Problem to solve>
Return exactly the lines from the start of the records below through the line containing "Procedi oltre il", both ends included, and leave out the pictures.

---------- Data to use ----------

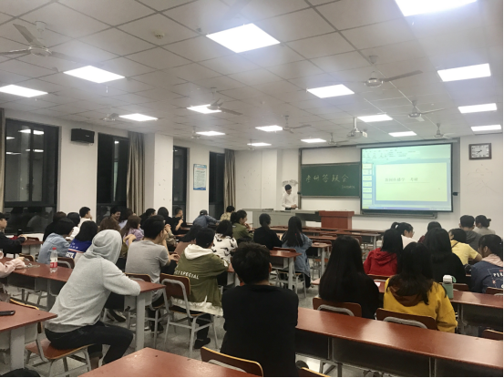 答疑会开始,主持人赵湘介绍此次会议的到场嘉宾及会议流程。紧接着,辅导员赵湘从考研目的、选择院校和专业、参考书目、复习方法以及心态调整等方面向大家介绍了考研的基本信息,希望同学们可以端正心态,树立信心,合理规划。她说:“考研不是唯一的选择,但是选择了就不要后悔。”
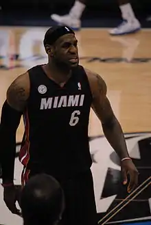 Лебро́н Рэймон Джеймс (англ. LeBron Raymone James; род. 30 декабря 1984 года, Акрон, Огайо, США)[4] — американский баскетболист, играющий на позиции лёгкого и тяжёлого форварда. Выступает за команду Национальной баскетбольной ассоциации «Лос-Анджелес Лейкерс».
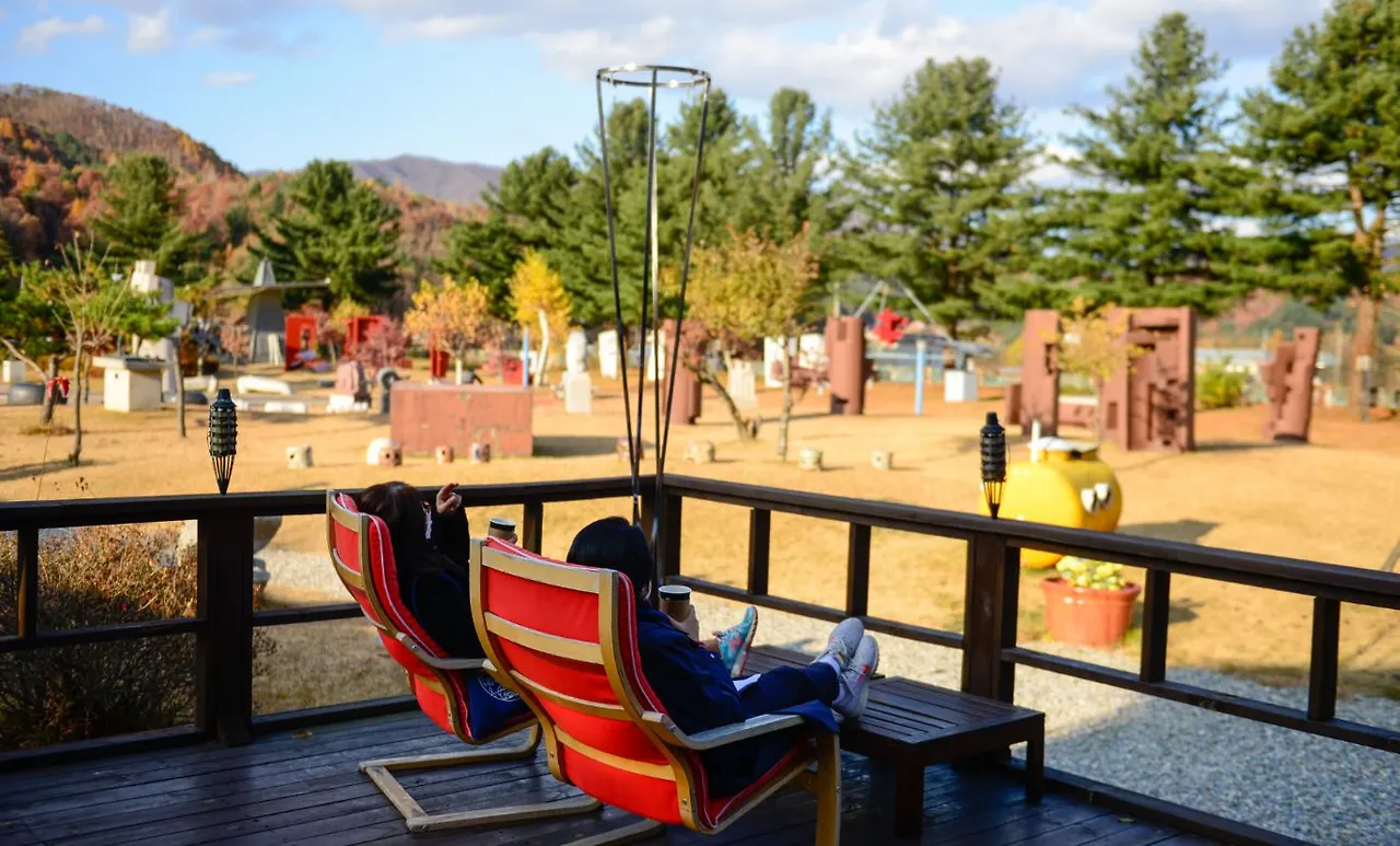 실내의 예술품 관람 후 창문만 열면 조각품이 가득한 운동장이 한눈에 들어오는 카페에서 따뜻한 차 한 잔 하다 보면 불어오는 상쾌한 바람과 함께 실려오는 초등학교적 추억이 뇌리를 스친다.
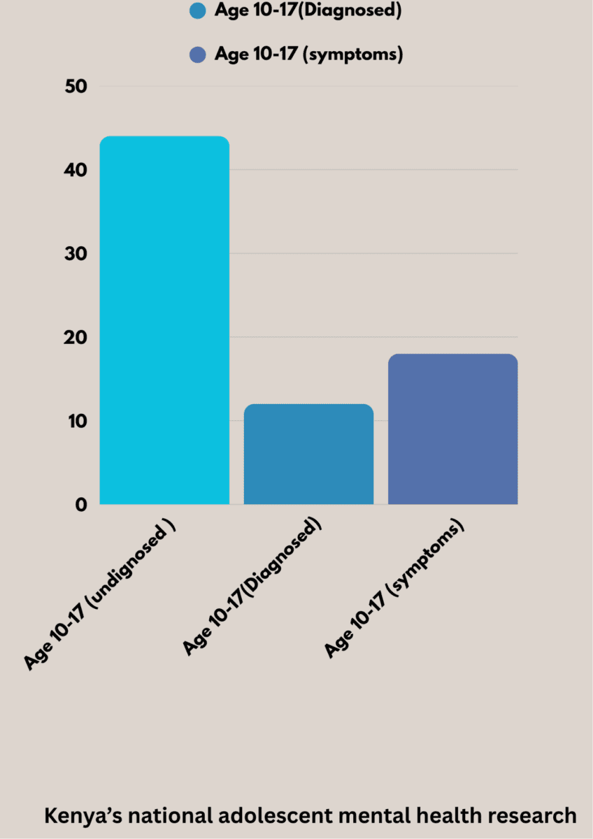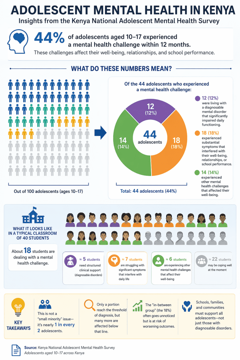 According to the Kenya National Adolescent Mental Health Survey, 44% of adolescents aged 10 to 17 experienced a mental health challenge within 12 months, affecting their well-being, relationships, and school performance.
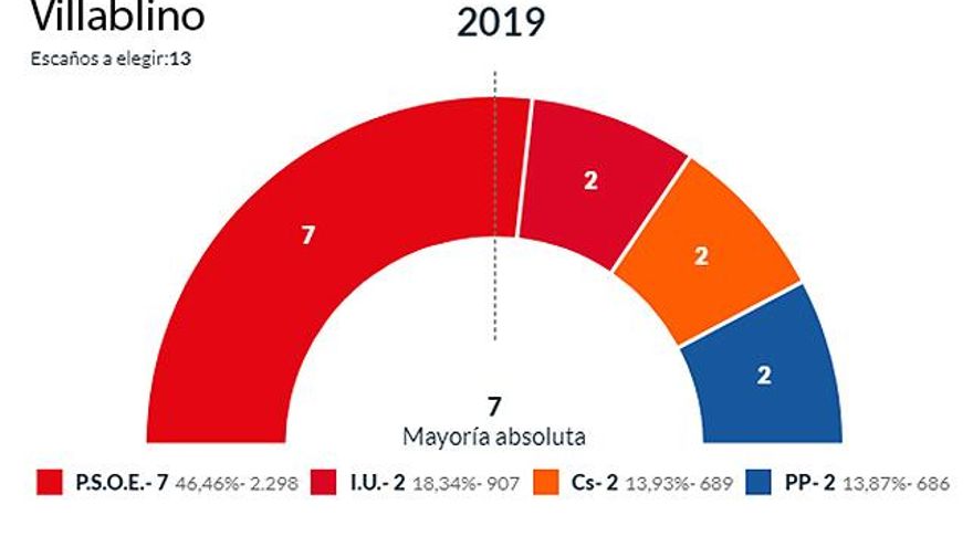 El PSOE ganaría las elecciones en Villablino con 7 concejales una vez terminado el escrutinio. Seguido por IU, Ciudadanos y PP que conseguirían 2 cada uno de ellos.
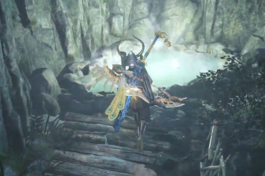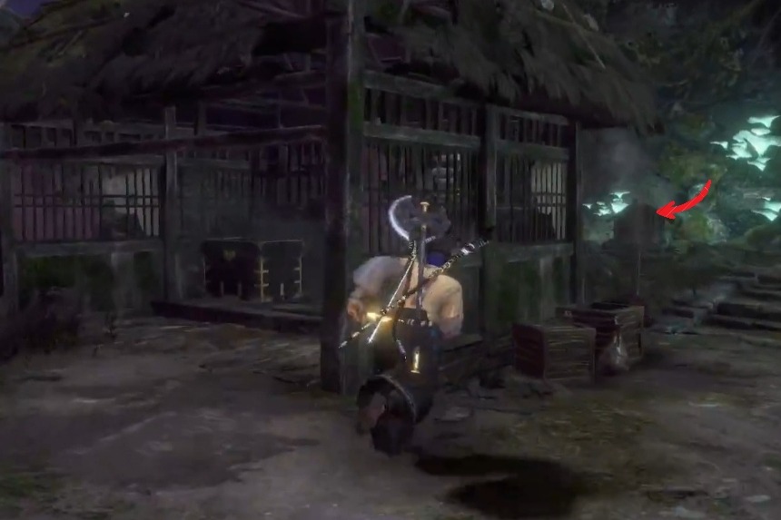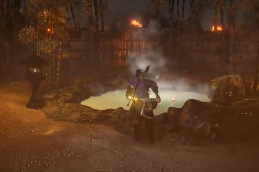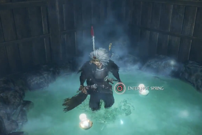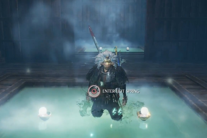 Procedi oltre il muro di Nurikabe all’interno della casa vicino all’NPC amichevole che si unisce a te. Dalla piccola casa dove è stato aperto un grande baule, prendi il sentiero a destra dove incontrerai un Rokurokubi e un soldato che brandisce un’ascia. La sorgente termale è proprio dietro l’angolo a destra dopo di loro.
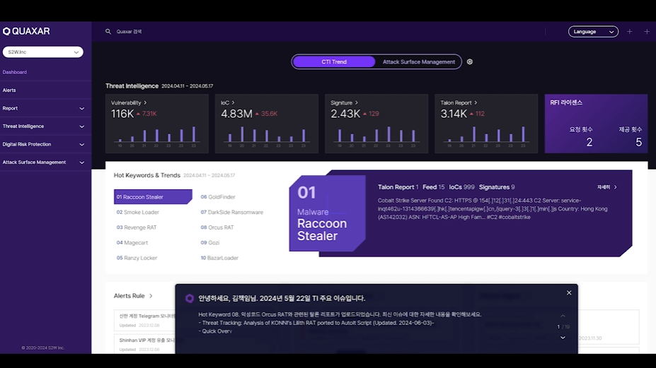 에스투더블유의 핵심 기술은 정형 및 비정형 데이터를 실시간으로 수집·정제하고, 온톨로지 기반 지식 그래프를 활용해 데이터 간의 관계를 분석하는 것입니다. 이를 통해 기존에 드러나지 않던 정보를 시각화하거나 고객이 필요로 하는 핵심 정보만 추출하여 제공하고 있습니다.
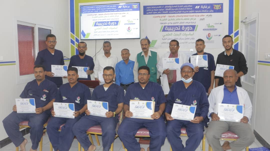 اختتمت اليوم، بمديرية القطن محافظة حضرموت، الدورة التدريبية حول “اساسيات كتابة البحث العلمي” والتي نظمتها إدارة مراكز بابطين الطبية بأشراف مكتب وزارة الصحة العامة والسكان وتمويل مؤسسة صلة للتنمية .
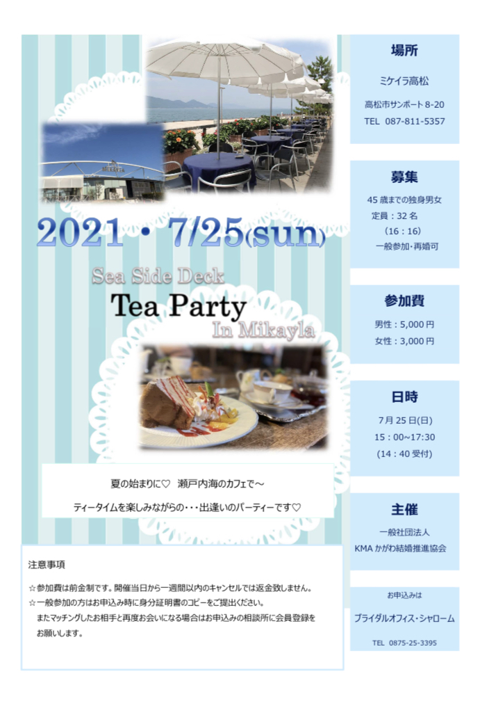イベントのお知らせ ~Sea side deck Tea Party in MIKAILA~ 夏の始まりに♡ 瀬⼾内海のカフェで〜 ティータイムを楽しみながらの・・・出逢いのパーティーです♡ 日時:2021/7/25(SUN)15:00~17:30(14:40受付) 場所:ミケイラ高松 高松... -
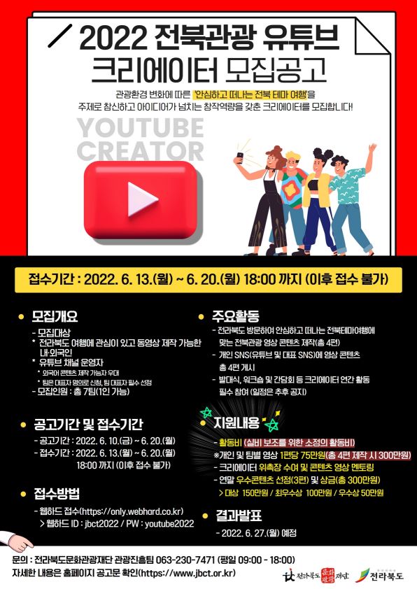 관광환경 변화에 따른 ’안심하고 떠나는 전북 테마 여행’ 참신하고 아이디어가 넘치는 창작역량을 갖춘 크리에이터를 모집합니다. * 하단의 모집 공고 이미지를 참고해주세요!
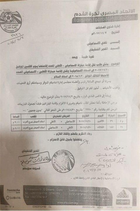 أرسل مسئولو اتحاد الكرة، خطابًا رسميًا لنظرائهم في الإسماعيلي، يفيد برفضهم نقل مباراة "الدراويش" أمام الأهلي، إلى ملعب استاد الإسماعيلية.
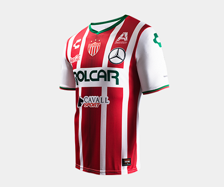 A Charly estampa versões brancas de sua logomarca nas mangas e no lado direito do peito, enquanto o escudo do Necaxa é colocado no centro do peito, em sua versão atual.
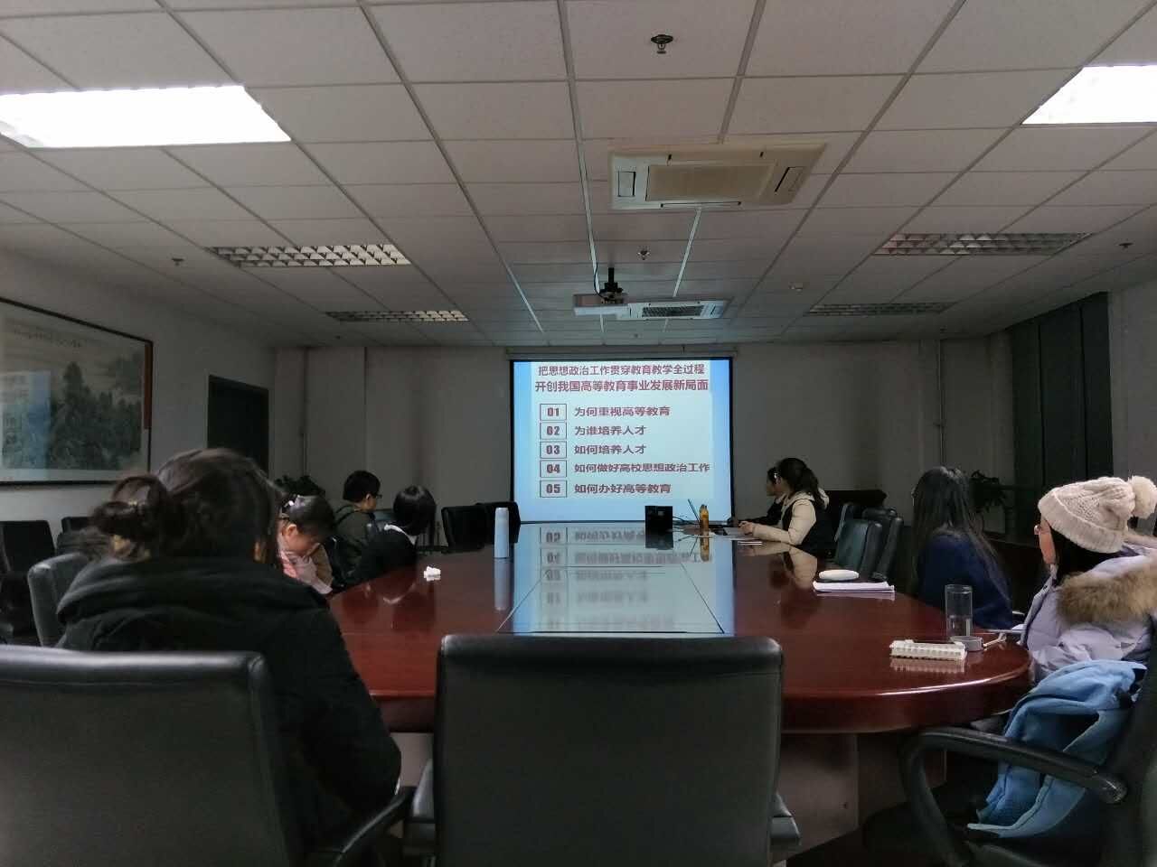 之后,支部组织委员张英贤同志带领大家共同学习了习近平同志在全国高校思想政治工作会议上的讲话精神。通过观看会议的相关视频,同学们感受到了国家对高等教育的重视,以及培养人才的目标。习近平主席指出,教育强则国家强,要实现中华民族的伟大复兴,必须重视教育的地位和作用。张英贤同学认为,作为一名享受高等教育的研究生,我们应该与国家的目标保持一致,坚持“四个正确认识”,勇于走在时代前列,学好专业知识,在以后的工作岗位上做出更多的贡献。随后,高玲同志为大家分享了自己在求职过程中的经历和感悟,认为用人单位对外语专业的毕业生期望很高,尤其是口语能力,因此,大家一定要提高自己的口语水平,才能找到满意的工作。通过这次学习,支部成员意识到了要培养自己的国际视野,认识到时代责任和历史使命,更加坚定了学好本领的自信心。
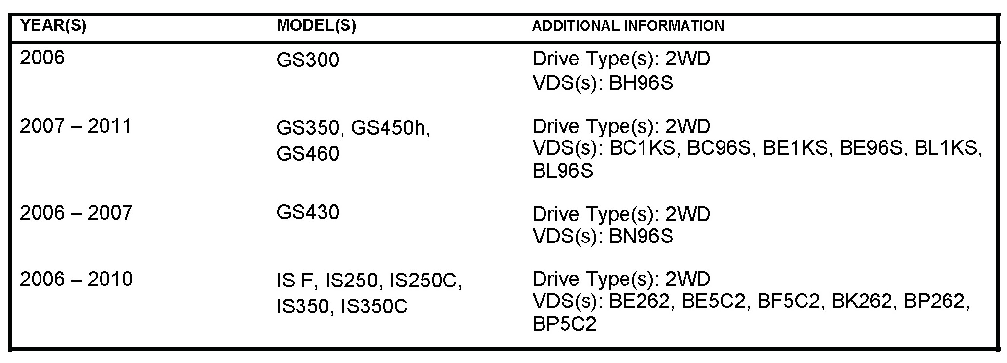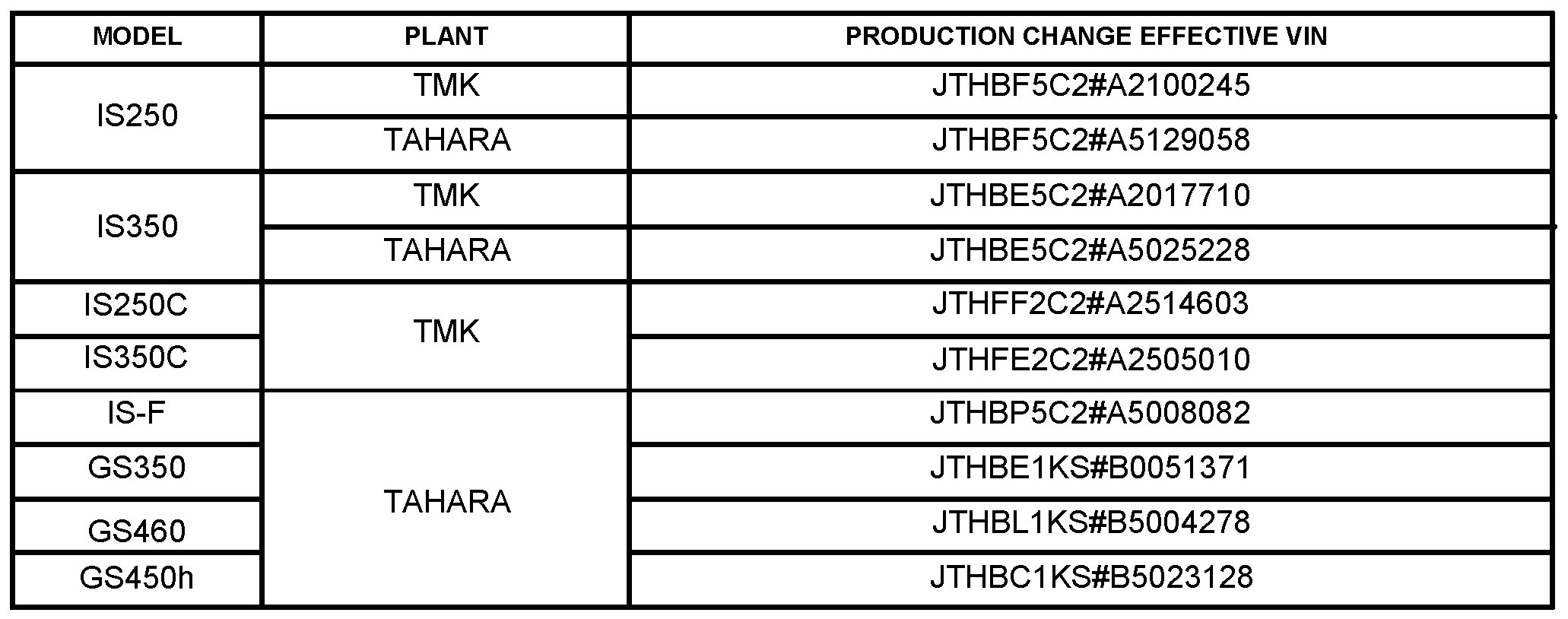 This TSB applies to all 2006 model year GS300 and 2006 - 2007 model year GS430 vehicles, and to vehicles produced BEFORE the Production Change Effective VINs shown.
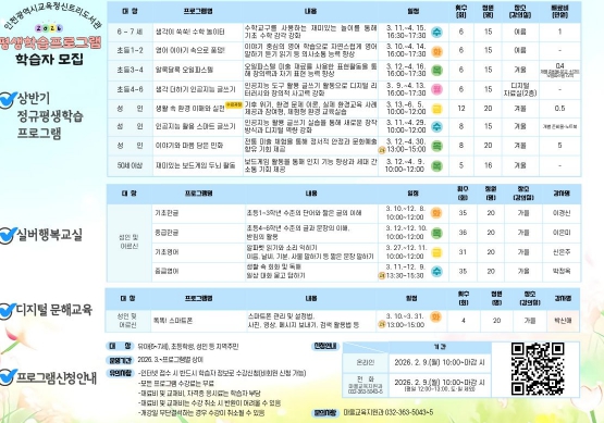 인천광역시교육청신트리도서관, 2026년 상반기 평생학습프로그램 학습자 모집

----------

Task result>
 答疑会开始,主持人赵湘介绍此次会议的到场嘉宾及会议流程。紧接着,辅导员赵湘从考研目的、选择院校和专业、参考书目、复习方法以及心态调整等方面向大家介绍了考研的基本信息,希望同学们可以端正心态,树立信心,合理规划。她说:“考研不是唯一的选择,但是选择了就不要后悔。”
 Лебро́н Рэймон Джеймс (англ. LeBron Raymone James; род. 30 декабря 1984 года, Акрон, Огайо, США)[4] — американский баскетболист, играющий на позиции лёгкого и тяжёлого форварда. Выступает за команду Национальной баскетбольной ассоциации «Лос-Анджелес Лейкерс».
 실내의 예술품 관람 후 창문만 열면 조각품이 가득한 운동장이 한눈에 들어오는 카페에서 따뜻한 차 한 잔 하다 보면 불어오는 상쾌한 바람과 함께 실려오는 초등학교적 추억이 뇌리를 스친다.
 According to the Kenya National Adolescent Mental Health Survey, 44% of adolescents aged 10 to 17 experienced a mental health challenge within 12 months, affecting their well-being, relationships, and school performance.
 El PSOE ganaría las elecciones en Villablino con 7 concejales una vez terminado el escrutinio. Seguido por IU, Ciudadanos y PP que conseguirían 2 cada uno de ellos.
 Procedi oltre il muro di Nurikabe all’interno della casa vicino all’NPC amichevole che si unisce a te. Dalla piccola casa dove è stato aperto un grande baule, prendi il sentiero a destra dove incontrerai un Rokurokubi e un soldato che brandisce un’ascia. La sorgente termale è proprio dietro l’angolo a destra dopo di loro.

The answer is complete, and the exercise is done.